Sadie Jo walks beside them, holding the crutches. Dark-haired and quiet and steady, her father's mirror image in miniature.

She keeps pace with him perfectly, never rushing, never falling behind.

I watch them move down the corridor.

The leather of his cut stretches across his back as he adjusts Wrenleigh's weight.

The Saint's Outlaws patch catches the light one more time.

Sadie Jo reaches up and holds the door open for him without being asked, and he murmurs something to her that I can't hear, and she nods.

A father holding his world together with scarred hands.

Two girls bracketing him like bookends—one blonde, one dark, one loud, one quiet.

All three of them bound by something that goes deeper than the blood that was on my gloves twenty minutes ago.
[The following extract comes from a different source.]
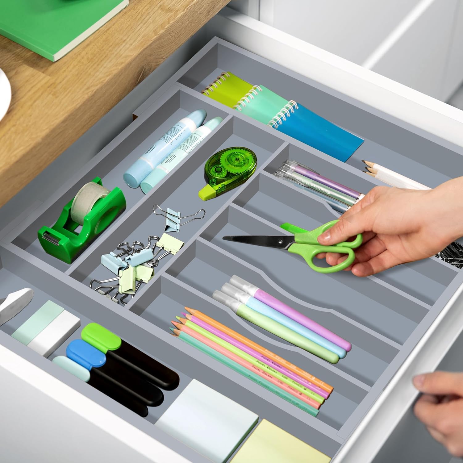 • 🔗𝐌𝐔𝐋𝐓𝐈-𝐏𝐔𝐑𝐏𝐎𝐒𝐄 𝐔𝐒𝐄: Not only is this the perfect solution for keeping your kitchen drawers spic & span, but this organizational tool is extremely versatile, suitable for placement in your office, dresser, makeup drawer, & crafting corner. Easily keep office supplies such as pencils, pens, markers, post-its, paper clips & more together in one place, and easy to grab. Neatly arrange jewelry, make-up brushes, or even paints, paintbrushes, and other art supplies, an all in one organizing solution

Deeper than bone.

They disappear through the sliding doors and into the parking lot, and the ER goes back to being what it always is: fluorescent lights, beeping monitors, the low hum of lives being stitched together and sent home.

I stand at the nurses' station with his discharge paperwork still warm in my hands and a patient's father's blue-gray eyes still burned into the backs of mine, and I think…
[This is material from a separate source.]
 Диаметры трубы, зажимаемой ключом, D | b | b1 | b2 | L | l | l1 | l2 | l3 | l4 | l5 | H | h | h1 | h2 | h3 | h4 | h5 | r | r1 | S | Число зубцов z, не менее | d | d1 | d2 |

Those girls don't know how lucky they are.

Then I finish my shift. I chart my patients.

I eat the rest of the quesoburrito, which has gone cold and sad.

I drive home to my empty apartment where I shower off the blood, the sweat, the antiseptic, and I stand in front of the bathroom mirror with a towel around my body and water dripping from my hair. I look at my scar.

I trace the line of it with one finger.

Eyebrow to forehead.

The place where a burning beam marked me as a little girl and made me who I am.

Then I think about a matching line through a dark eyebrow on a quiet man's face, and the way he held his daughter like the whole world would have to come through him first.

I shut off the light and go to bed.

I don't think about him again.

I can't.

CHAPTER ONE

Coin

The eggs are burning.

I can smell it before I see it—that sharp, acrid edge cutting through the kitchen—and I'm already reaching for the pan when Sadie Jo appears in the doorway behind me with her backpack half-zipped and her dark hair in a knot that looks like it lost a fight with a rubber band.

"Dad. The eggs."

"I see the eggs."

"They're burning."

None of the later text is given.